**Aim of the exercise**
In the entries that follow, repeat exactly the lines from the one that has "عندما تبحثين عن" through the one that has "Digitálne piano Kurzweil", but omit pictures.
[Data in this exercise — start]
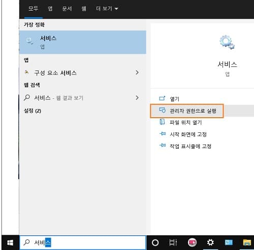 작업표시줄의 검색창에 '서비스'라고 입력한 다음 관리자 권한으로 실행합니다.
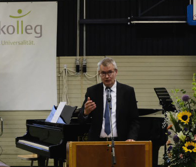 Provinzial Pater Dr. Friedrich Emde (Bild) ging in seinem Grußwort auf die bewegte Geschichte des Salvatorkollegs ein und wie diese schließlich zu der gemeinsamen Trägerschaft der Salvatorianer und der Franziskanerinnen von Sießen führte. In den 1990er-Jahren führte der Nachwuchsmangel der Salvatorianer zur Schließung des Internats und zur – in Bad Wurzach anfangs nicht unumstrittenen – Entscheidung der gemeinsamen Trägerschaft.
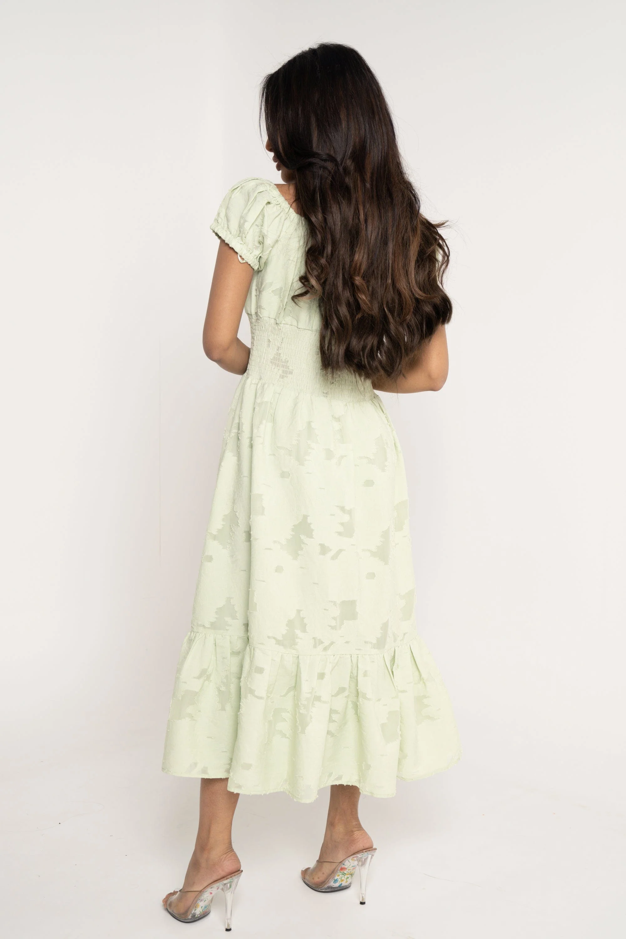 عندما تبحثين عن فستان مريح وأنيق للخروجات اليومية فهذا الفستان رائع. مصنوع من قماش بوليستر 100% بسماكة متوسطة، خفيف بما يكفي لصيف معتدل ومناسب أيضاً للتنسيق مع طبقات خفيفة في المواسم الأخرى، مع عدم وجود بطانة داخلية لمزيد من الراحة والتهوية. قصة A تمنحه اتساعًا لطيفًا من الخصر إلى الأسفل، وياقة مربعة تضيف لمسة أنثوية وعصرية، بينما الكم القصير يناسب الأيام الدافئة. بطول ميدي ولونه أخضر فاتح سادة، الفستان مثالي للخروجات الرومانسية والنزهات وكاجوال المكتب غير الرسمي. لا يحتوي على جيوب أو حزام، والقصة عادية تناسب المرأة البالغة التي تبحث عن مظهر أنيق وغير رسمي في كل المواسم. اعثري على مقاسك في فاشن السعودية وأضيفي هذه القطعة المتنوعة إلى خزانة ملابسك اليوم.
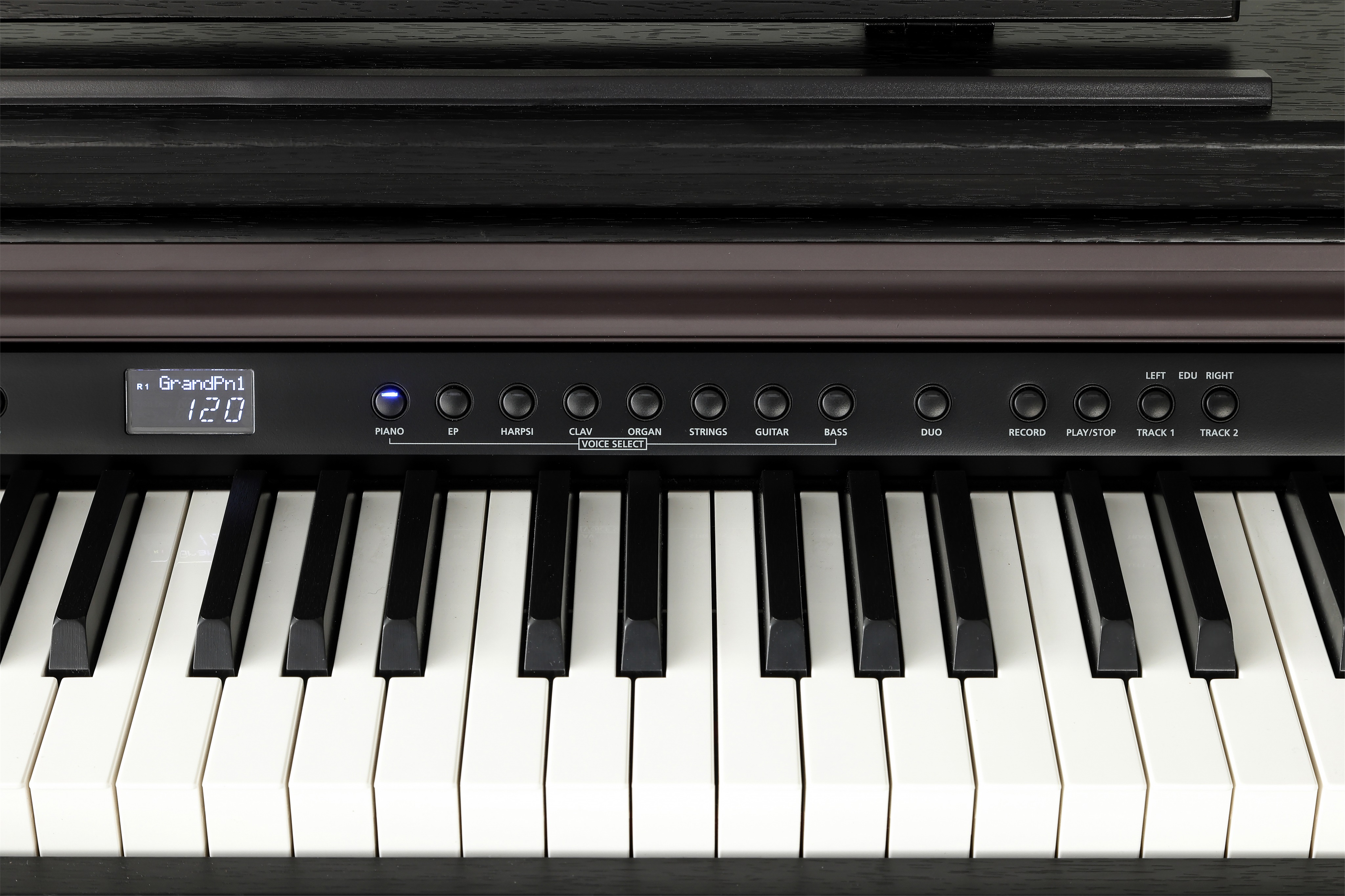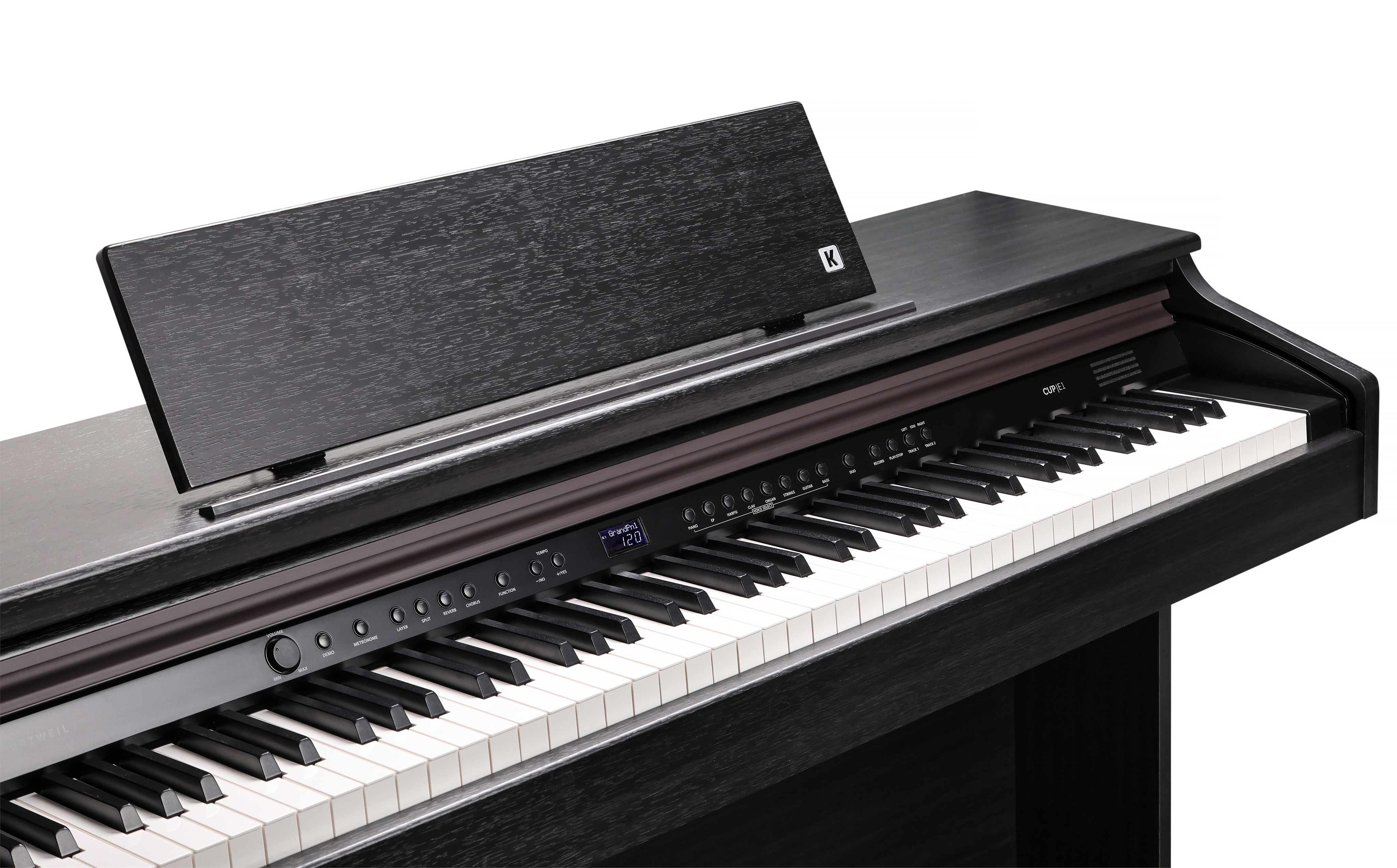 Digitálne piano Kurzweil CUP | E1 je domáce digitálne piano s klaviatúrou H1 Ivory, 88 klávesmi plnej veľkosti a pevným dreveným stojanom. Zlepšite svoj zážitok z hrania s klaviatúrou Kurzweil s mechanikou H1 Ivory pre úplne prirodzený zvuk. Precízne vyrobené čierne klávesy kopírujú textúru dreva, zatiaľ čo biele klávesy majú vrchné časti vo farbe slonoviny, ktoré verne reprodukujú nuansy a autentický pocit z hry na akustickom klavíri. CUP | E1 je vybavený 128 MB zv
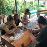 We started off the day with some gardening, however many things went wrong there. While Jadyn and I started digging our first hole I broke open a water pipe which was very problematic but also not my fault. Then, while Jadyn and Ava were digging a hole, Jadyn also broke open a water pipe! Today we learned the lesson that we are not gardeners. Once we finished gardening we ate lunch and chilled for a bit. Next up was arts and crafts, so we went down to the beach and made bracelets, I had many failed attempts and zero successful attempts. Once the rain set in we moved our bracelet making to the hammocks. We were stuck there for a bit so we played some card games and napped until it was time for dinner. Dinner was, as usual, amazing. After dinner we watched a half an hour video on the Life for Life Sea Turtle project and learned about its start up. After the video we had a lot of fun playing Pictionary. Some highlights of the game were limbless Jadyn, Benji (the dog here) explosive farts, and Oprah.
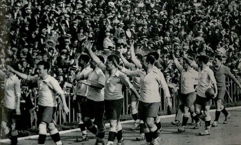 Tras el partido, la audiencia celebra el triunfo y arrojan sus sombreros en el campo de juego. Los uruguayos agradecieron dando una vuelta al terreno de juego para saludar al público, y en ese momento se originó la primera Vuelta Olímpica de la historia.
[Data in this exercise — finish]
**Response below**
 عندما تبحثين عن فستان مريح وأنيق للخروجات اليومية فهذا الفستان رائع. مصنوع من قماش بوليستر 100% بسماكة متوسطة، خفيف بما يكفي لصيف معتدل ومناسب أيضاً للتنسيق مع طبقات خفيفة في المواسم الأخرى، مع عدم وجود بطانة داخلية لمزيد من الراحة والتهوية. قصة A تمنحه اتساعًا لطيفًا من الخصر إلى الأسفل، وياقة مربعة تضيف لمسة أنثوية وعصرية، بينما الكم القصير يناسب الأيام الدافئة. بطول ميدي ولونه أخضر فاتح سادة، الفستان مثالي للخروجات الرومانسية والنزهات وكاجوال المكتب غير الرسمي. لا يحتوي على جيوب أو حزام، والقصة عادية تناسب المرأة البالغة التي تبحث عن مظهر أنيق وغير رسمي في كل المواسم. اعثري على مقاسك في فاشن السعودية وأضيفي هذه القطعة المتنوعة إلى خزانة ملابسك اليوم.
 Digitálne piano Kurzweil CUP | E1 je domáce digitálne piano s klaviatúrou H1 Ivory, 88 klávesmi plnej veľkosti a pevným dreveným stojanom. Zlepšite svoj zážitok z hrania s klaviatúrou Kurzweil s mechanikou H1 Ivory pre úplne prirodzený zvuk. Precízne vyrobené čierne klávesy kopírujú textúru dreva, zatiaľ čo biele klávesy majú vrchné časti vo farbe slonoviny, ktoré verne reprodukujú nuansy a autentický pocit z hry na akustickom klavíri. CUP | E1 je vybavený 128 MB zv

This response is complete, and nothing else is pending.